** Exercise details **
Go through the listing below and repeat it exactly, dropping the pictures.
___ Data shown
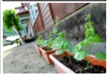
ゴーヤのカーテン成長中

神楽共演大会も無事に終え一段落というところですが、記録的な空梅雨で作物に被害がでないかと心配です。行事の多いこの季節、暑い日が続きますので熱中症には気を付けて過ごしましょう。
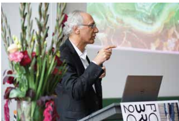
מתכנן הגשרים הצרפתי, מארק מימרם, בהרצאה במליאת הכנס

תנאי השטח ונתוני הגשר עצמם דרשו גיאומטריה מרשימה, שהביאה בסיס לעיצוב אדריכלי מרשים אף יותר, והצדיקה את הקונסטרוקציה הנחוצה לו. תנאי התחרות הגדירו גשר שהיה צריך לגשר מעל מסילות הרכבת הפעילות, התפעוליות והעתידות, שהביאו את אורך הגשר לכ-200 מ'. לגשר שתוכנן יש שני שדות, הגדול שבהם (הצפוני) במפתח 100 מ', והקטן (הדרומי) במפתח 70 מ', שביחד עם נציבי הקצה משלימים את אורך הגשר ל-200 מ'. כל אחד מהשדות מורכב מאגד פלדה, וגובה כל אגד משתנה באופן פרופורציונלי למפתח, בנקודות חיבור בקצוותם. גובה כל אגד עומד על מידה של כ-60 ס"מ, ומשם גדלים עד לגובה מרבי של 11 מ' ו-7.5 מ' באמצע המפתח הצפוני ודרומי בהתאמה. כל שדה מורכב ממערכת של אגדים נטויים שעוטפים את המדרך והוא יוצר מערכת מבנית מרחבית שתורמת לקשיחות הגשר. ביחד עם השתנות גובה האגד לאורך הגשר, ובדומה לה, זווית הנטייה של האגדים מצדי המדרך
______
** Reply **
ゴーヤのカーテン成長中

神楽共演大会も無事に終え一段落というところですが、記録的な空梅雨で作物に被害がでないかと心配です。行事の多いこの季節、暑い日が続きますので熱中症には気を付けて過ごしましょう。
מתכנן הגשרים הצרפתי, מארק מימרם, בהרצאה במליאת הכנס

תנאי השטח ונתוני הגשר עצמם דרשו גיאומטריה מרשימה, שהביאה בסיס לעיצוב אדריכלי מרשים אף יותר, והצדיקה את הקונסטרוקציה הנחוצה לו. תנאי התחרות הגדירו גשר שהיה צריך לגשר מעל מסילות הרכבת הפעילות, התפעוליות והעתידות, שהביאו את אורך הגשר לכ-200 מ'. לגשר שתוכנן יש שני שדות, הגדול שבהם (הצפוני) במפתח 100 מ', והקטן (הדרומי) במפתח 70 מ', שביחד עם נציבי הקצה משלימים את אורך הגשר ל-200 מ'. כל אחד מהשדות מורכב מאגד פלדה, וגובה כל אגד משתנה באופן פרופורציונלי למפתח, בנקודות חיבור בקצוותם. גובה כל אגד עומד על מידה של כ-60 ס"מ, ומשם גדלים עד לגובה מרבי של 11 מ' ו-7.5 מ' באמצע המפתח הצפוני ודרומי בהתאמה. כל שדה מורכב ממערכת של אגדים נטויים שעוטפים את המדרך והוא יוצר מערכת מבנית מרחבית שתורמת לקשיחות הגשר. ביחד עם השתנות גובה האגד לאורך הגשר, ובדומה לה, זווית הנטייה של האגדים מצדי המדרך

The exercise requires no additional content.